I so agree. I have so much going on for myself I don't see myself being able to handle another thing that causes stress. I know, I keep telling her about the fertility issues but she seems to refuse to believe that. But our second child will definitely be after she turns 30 so I might prove her wrong!
Having kids can be stressful, but they are quite the blessing as well. My sister in law has some issues with anxiety, but has a happy family with five children. I would encourage you to speak with your GP and your spouse about your concerns. Maybe some of these resources would be encouraging for you? list.ly/list/1D9h-why-marri...
Having kids changes how we see the world. We no longer can focus on ourselves and our issues. For me the anxiety and depression has gotten better having a child. Enjoy the process. Mental health can be a hindrance, but it doesn’t have to be.
I feel you. What I did was talked to my husband. Discuss with him what’s going on and what you feel. I know its hard but you need to talk to your partner and discuss or plan what you can do. I’m 26 and we plan on having our baby when we’re 30 and hopefully by that time i’m doing fine.

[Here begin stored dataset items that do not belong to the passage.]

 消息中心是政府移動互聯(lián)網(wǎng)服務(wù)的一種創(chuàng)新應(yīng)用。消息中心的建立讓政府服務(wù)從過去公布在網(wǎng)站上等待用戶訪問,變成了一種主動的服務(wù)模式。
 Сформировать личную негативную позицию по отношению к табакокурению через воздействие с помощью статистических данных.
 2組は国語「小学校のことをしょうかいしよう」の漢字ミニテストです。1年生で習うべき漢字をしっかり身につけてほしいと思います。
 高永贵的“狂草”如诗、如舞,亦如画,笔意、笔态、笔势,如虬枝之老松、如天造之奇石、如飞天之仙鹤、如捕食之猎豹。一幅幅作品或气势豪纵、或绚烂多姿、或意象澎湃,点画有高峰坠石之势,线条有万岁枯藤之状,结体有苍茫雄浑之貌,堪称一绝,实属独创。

Children really are a blessing. I say a person really doesn't know love until there's a little one looking at you. A little "you."
I think you were on to something when you thought about changing your perspective. You will gain so much by looking at things from another perspective. It is so rewarding, and even freeing to see another's view.

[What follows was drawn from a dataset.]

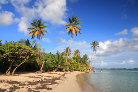Guadeloupe sandy beach. Caribbean vacation landscape. Bois Jolan Beach (Plage de Bois Jolan).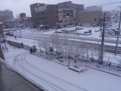 おはようございます。昨晩から雪が降り続き、本校もグラウンドや正門付近・御池通りも一面の銀世界になっています。

My husband & I had children young. WE LOVE THAT WE ARE YOUNGER PARENTS! LOVE IT!
I feel sorry, really, for my brother-in-law. My husband's brother is only a year younger, yet waiting to have children, when our oldest entered college, their youngest entered kindergarten!

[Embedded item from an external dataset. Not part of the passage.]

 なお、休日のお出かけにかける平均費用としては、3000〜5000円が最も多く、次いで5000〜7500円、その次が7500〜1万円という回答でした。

I don't have serious anxiety and depression, but have mild attacks mainly due to seizures/medication or both, who knows? Since I had to give up work (the frequency of seizures increased) I find that getting out, going jogging helps my anxiety and depression. I have 2 kids myself, (I'm 45) and try and be positive as possible, sometimes I find music helps me get through the day, sometimes I write or play an instrument. I think the main trick is to find ways to keep your mind engaged in activities you enjoy to stop it dwelling on dark thoughts. When I have an anxiety attack, I slow down my breathing or meditation can help train your mind too. Try everything you can. Personally I find kids positive, but I think it can help to have a support group too. There are times when kids can be stressful, but if you find a support group, that will help, a lot!